# TASK DESCRIPTION
The reply should consist solely of the lines from the one with "To create a" through the final line of the listing, copied exactly, with no pictures.

# INPUT DATA
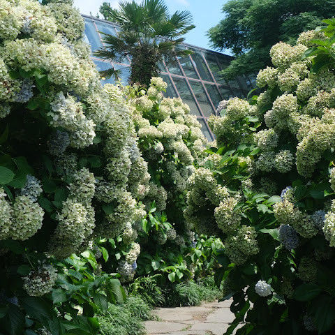 공원은 꽤 지루해요. 수국이 가득하지만 대부분 시들어 있어요. 꽃이 만발한 것 같지도 않고요.
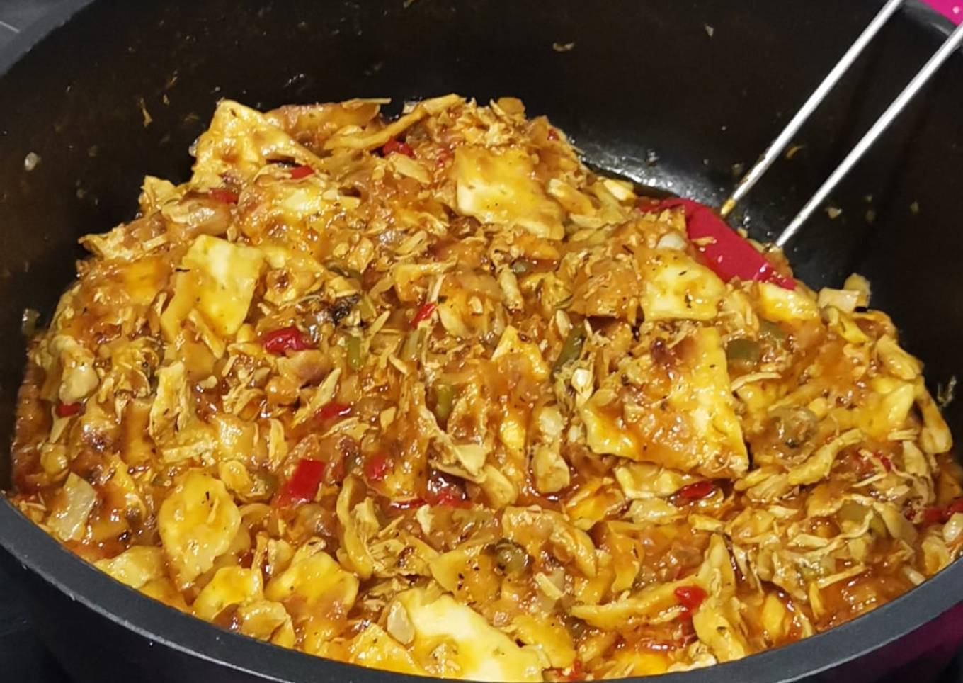 - Partimos en trozos pequeños o medianos la torta y la añadimos. La movemos con movimientos envolventes con cuidado de no romperla y la dejamos cocer 3 o 4 min. Una vez listo, lo servimos en el recipiente que deseemos.
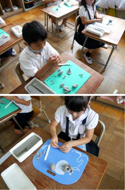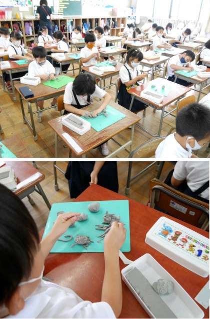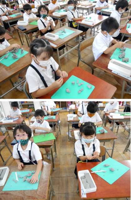 1年生がねんどで動物を作っています。たのしそうに、「こんなん作ったよ」と教えてくれます。
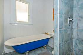 Consisting of three good sized bedrooms, with a covered verandah off the master, bathroom with a claw bath and tiled shower box, open plan lounge/dining/kitchen and a large deck. The majority of the wooden joinery has been replaced with double glazed aluminium windows.
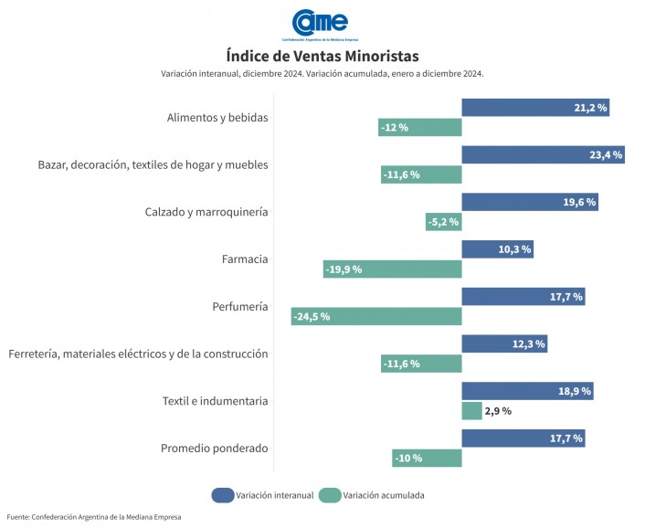 Así surge del Índice de Ventas Minoristas Pymes de la Confederación Argentina de la en Mediana Empresa (CAME), elaborado en base a un relevamiento mensual entre 1.262 comercios minoristas del país, realizado entre el 2 y el 3 de enero de 2025.
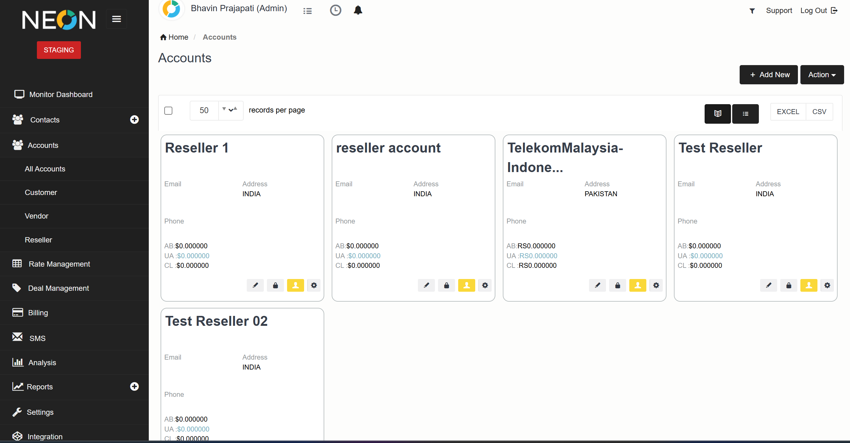 To create a New Reseller Account, go➔Accounts➔Reseller➔Add New
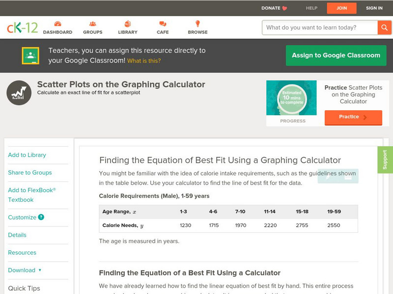 Ck 12: Statistics: Scatter Plots on the Graphing Calculator
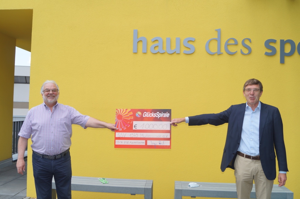 1.000 Euro aus den Mitteln der Glücksspirale des Landessportbundes (LSB) Rheinland-Pfalz hat jetzt der Schwimmsportverein (SSV) Mutterstadt erhalten. Hartmut Emrich, Vizepräsident des Sportbundes Pfalz, überreichte den Scheck an den stellvertretenden Vorsitzenden des SSV, Dr. Ralf Wiebe. Der SSV Mutterstadt nutzt das Kreisbad Aquabella in Mutterstadt für Training und Wettkampf. „In unserem Verein schwimmen derzeit etwa 120 Schwimmer*innen in acht Gruppen im Alter ab 5 Jahren, montags, dienstags, mittwochs und samstags.

# EXERCISE ANSWER
 To create a New Reseller Account, go➔Accounts➔Reseller➔Add New
 Ck 12: Statistics: Scatter Plots on the Graphing Calculator
 1.000 Euro aus den Mitteln der Glücksspirale des Landessportbundes (LSB) Rheinland-Pfalz hat jetzt der Schwimmsportverein (SSV) Mutterstadt erhalten. Hartmut Emrich, Vizepräsident des Sportbundes Pfalz, überreichte den Scheck an den stellvertretenden Vorsitzenden des SSV, Dr. Ralf Wiebe. Der SSV Mutterstadt nutzt das Kreisbad Aquabella in Mutterstadt für Training und Wettkampf. „In unserem Verein schwimmen derzeit etwa 120 Schwimmer*innen in acht Gruppen im Alter ab 5 Jahren, montags, dienstags, mittwochs und samstags.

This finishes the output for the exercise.